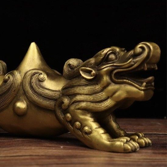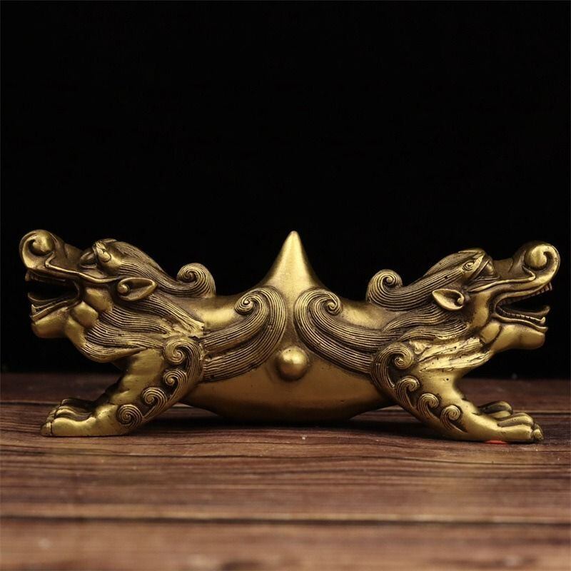 風水では、獅子は「門を守る守護獣」として、家やオフィスの入り口に飾ることで、悪いエネルギーや不運から家を守り、良い運気を引き寄せるとされています。双頭のデザインは、二つの異なる力が調和し合うことを示しており、家庭内やビジネスにおいても調和と繁栄をもたらすと言われています。このアンティークゴールドの色合いは、金運や富を象徴し、上品でありながらも力強さを感じさせる存在感を放っています。
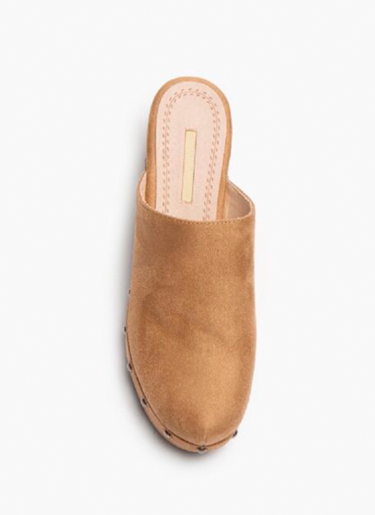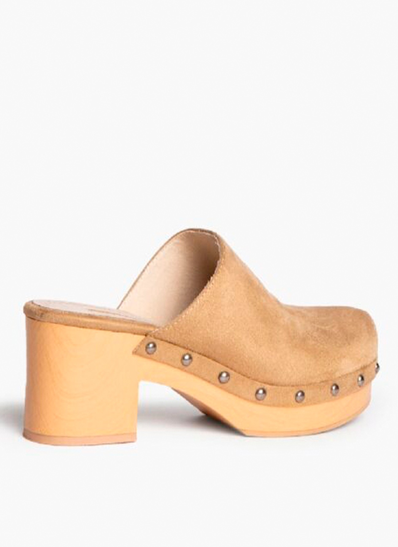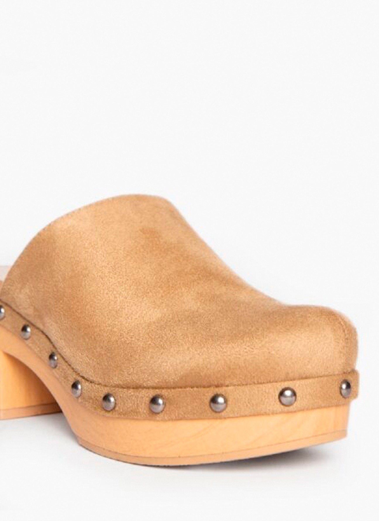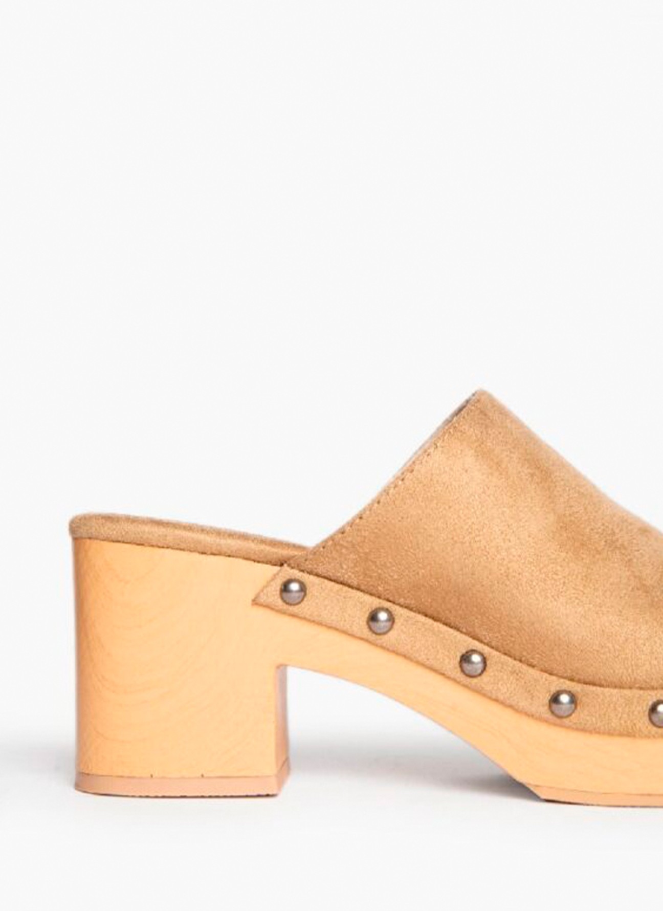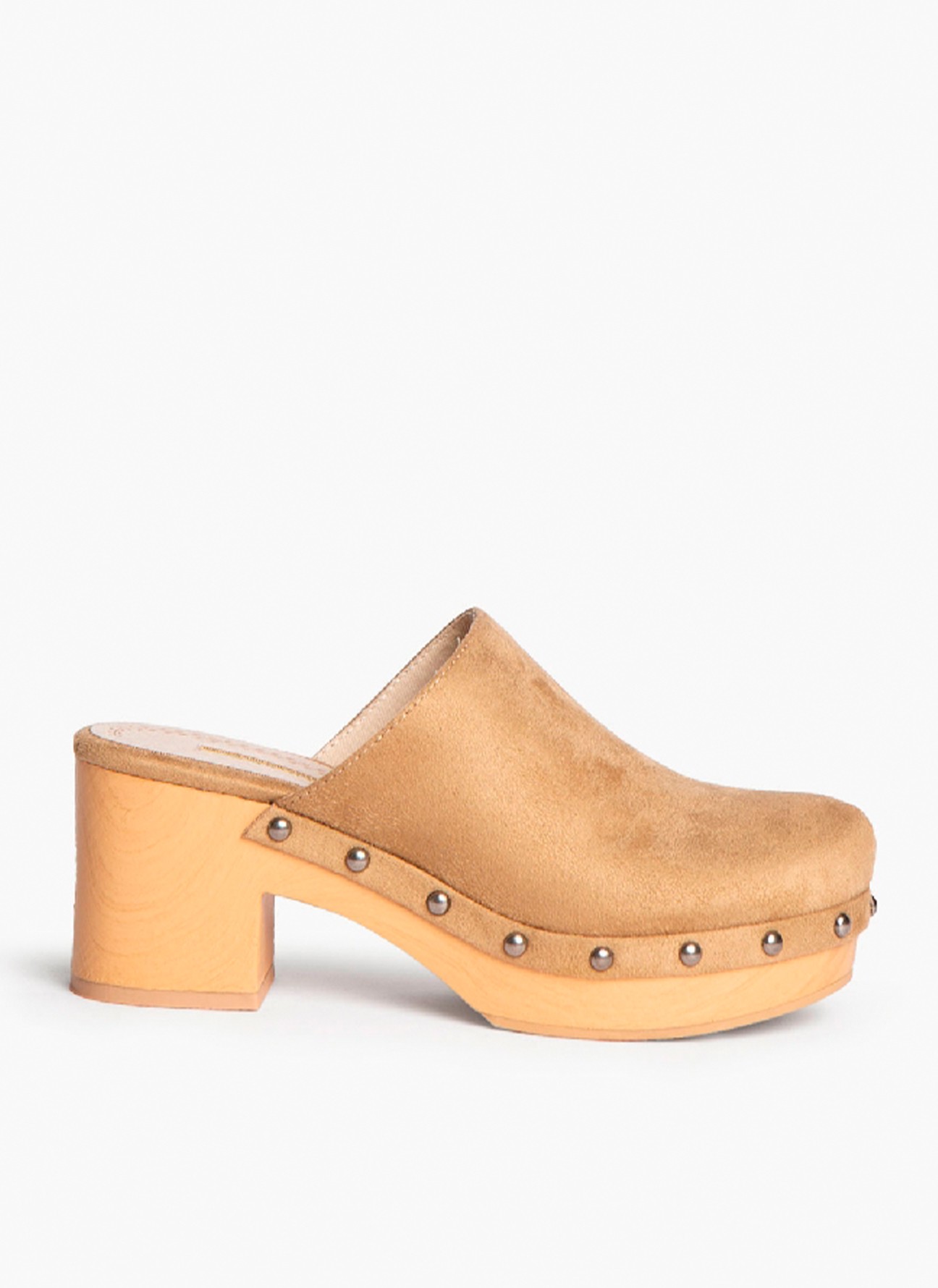 Zueco destalonado con piso efecto madera. Corte tipo antelina. Detalle de tachas entre el corte y el piso.
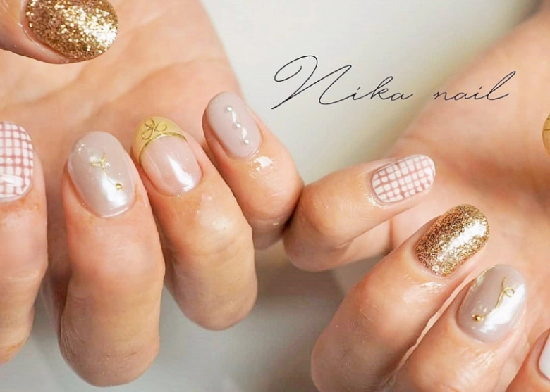 秋冬に活躍するツイード生地をモチーフにしたツイード風のチェックは、冬ネイルにピッタリ!淡いピンクがベースなので、上品でフェミニンな印象を与えてくれますよ。
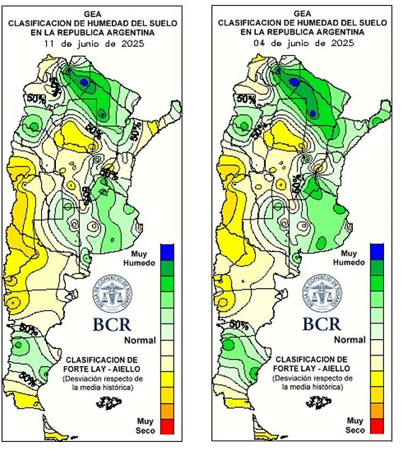 En la última semana, la siembra de trigo avanzó 35 puntos porcentuales en la región núcleo y alcanza el 55% del área proyectada, igualando el progreso del año pasado para esta misma fecha. En el centro-sur de Santa Fe, las labores están prácticamente finalizadas y los primeros lotes, implantados desde el 22 de mayo, muestran emergencias muy buenas. En el sur santafesino se sembró el 45% del trigo. Los retrasos responden a excesos de humedad por las jornadas nubladas, nieblas persistentes y lloviznas intermitentes que mantuvieron los suelos saturados, sumados a las demoras en los barbechos. En el noreste bonaerense, las tareas comenzaron a generalizarse tras el avance lento por el barro y la elevada humedad en los lotes. Allí, se sembró el 20% del trigo. En cambio, en el noroeste de Buenos Aires la implantación ya alcanza el 45%. En el sudeste de Córdoba —particularmente en Monte Buey y Corral de Bustos— se reportan avances del 80% al 90% en la siembra.
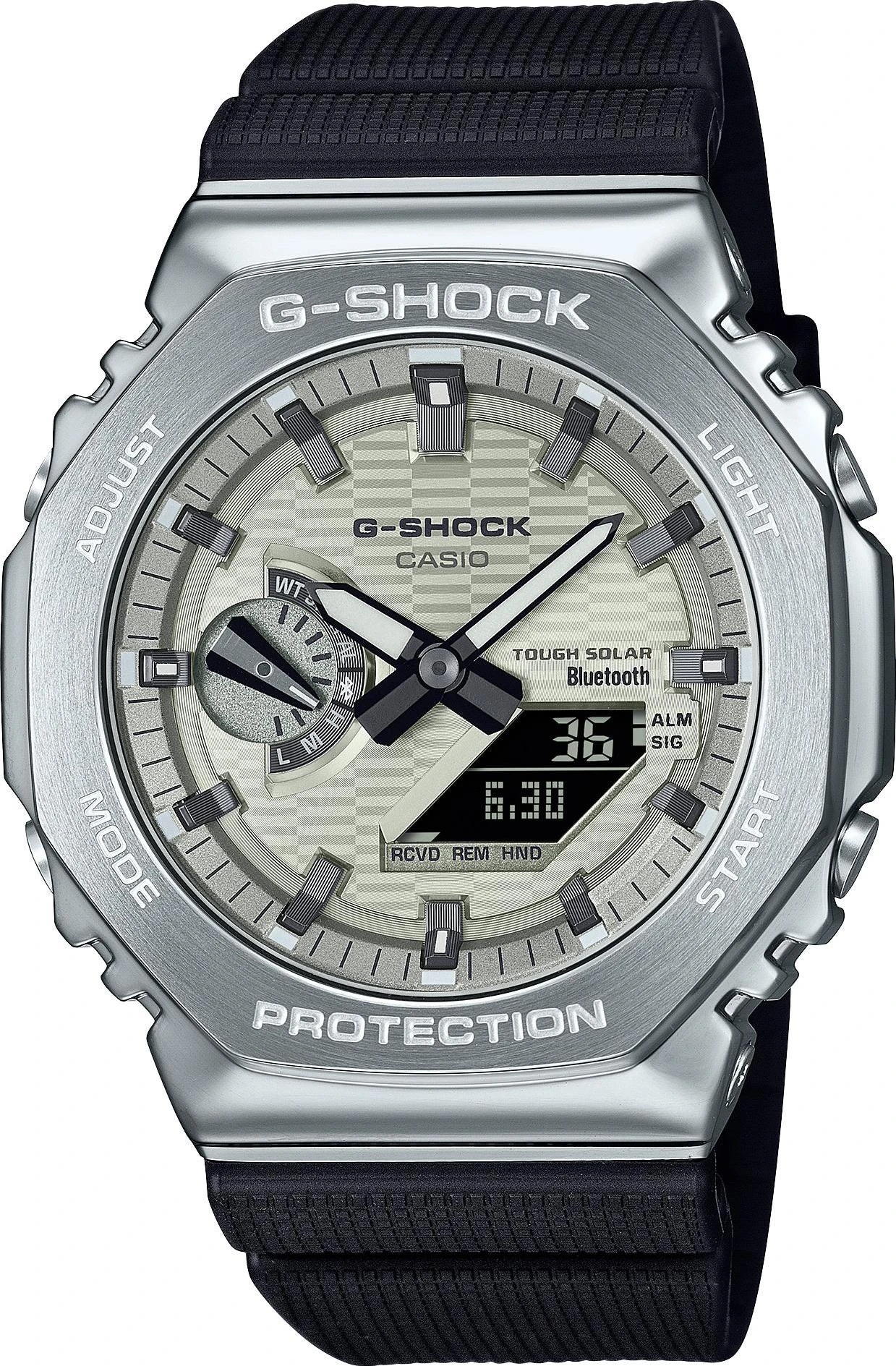 Модели GBM-2100 получили технологичный модуль: в часах доступна синхронизация времени со смартфоном и легкая настройка часов через Bluetooth, а также улучшенная и еще более эффективная технология Tough Solar — питание часов от солнечного или иного источника света, что не потребует замены батарейки в часах в ближайшее десятилетие.

Task :: Restate the data word for word from its first line through the line with "秋冬に活躍するツイード生地を", leaving out any picture along the way.

Written answer ::
 風水では、獅子は「門を守る守護獣」として、家やオフィスの入り口に飾ることで、悪いエネルギーや不運から家を守り、良い運気を引き寄せるとされています。双頭のデザインは、二つの異なる力が調和し合うことを示しており、家庭内やビジネスにおいても調和と繁栄をもたらすと言われています。このアンティークゴールドの色合いは、金運や富を象徴し、上品でありながらも力強さを感じさせる存在感を放っています。
 Zueco destalonado con piso efecto madera. Corte tipo antelina. Detalle de tachas entre el corte y el piso.
 秋冬に活躍するツイード生地をモチーフにしたツイード風のチェックは、冬ネイルにピッタリ!淡いピンクがベースなので、上品でフェミニンな印象を与えてくれますよ。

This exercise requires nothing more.